Extracted records:
━━━━

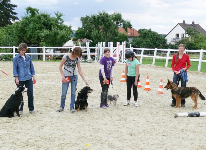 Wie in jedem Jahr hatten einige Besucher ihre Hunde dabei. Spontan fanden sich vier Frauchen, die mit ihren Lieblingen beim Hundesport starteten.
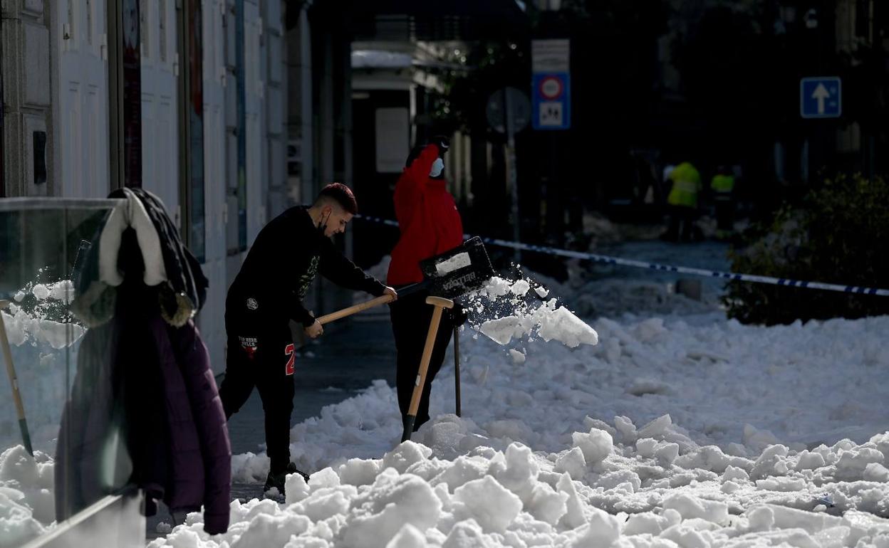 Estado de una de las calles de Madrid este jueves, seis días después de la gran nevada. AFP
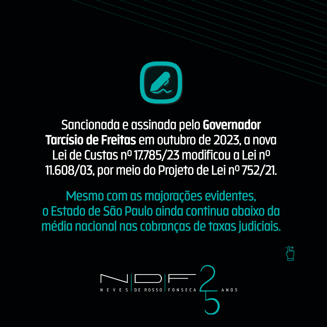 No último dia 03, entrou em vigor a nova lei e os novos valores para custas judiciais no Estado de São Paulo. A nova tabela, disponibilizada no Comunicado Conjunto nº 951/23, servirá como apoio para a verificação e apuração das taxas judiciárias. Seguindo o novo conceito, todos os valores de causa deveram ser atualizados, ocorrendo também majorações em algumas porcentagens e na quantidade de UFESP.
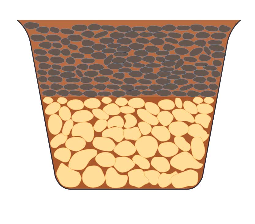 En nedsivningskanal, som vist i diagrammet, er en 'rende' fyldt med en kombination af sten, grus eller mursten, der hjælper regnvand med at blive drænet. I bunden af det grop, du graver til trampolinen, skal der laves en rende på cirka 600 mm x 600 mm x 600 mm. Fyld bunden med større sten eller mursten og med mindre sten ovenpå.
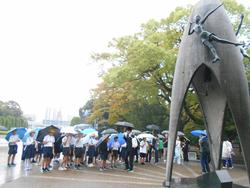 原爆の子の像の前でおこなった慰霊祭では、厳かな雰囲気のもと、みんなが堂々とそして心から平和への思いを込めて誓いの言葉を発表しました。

━━━━

## EXERCISE BRIEF
Where an image appears in the data, skip it, and return the rest verbatim.

## SOLUTION
 Wie in jedem Jahr hatten einige Besucher ihre Hunde dabei. Spontan fanden sich vier Frauchen, die mit ihren Lieblingen beim Hundesport starteten.
 Estado de una de las calles de Madrid este jueves, seis días después de la gran nevada. AFP
 No último dia 03, entrou em vigor a nova lei e os novos valores para custas judiciais no Estado de São Paulo. A nova tabela, disponibilizada no Comunicado Conjunto nº 951/23, servirá como apoio para a verificação e apuração das taxas judiciárias. Seguindo o novo conceito, todos os valores de causa deveram ser atualizados, ocorrendo também majorações em algumas porcentagens e na quantidade de UFESP.
 En nedsivningskanal, som vist i diagrammet, er en 'rende' fyldt med en kombination af sten, grus eller mursten, der hjælper regnvand med at blive drænet. I bunden af det grop, du graver til trampolinen, skal der laves en rende på cirka 600 mm x 600 mm x 600 mm. Fyld bunden med større sten eller mursten og med mindre sten ovenpå.
 原爆の子の像の前でおこなった慰霊祭では、厳かな雰囲気のもと、みんなが堂々とそして心から平和への思いを込めて誓いの言葉を発表しました。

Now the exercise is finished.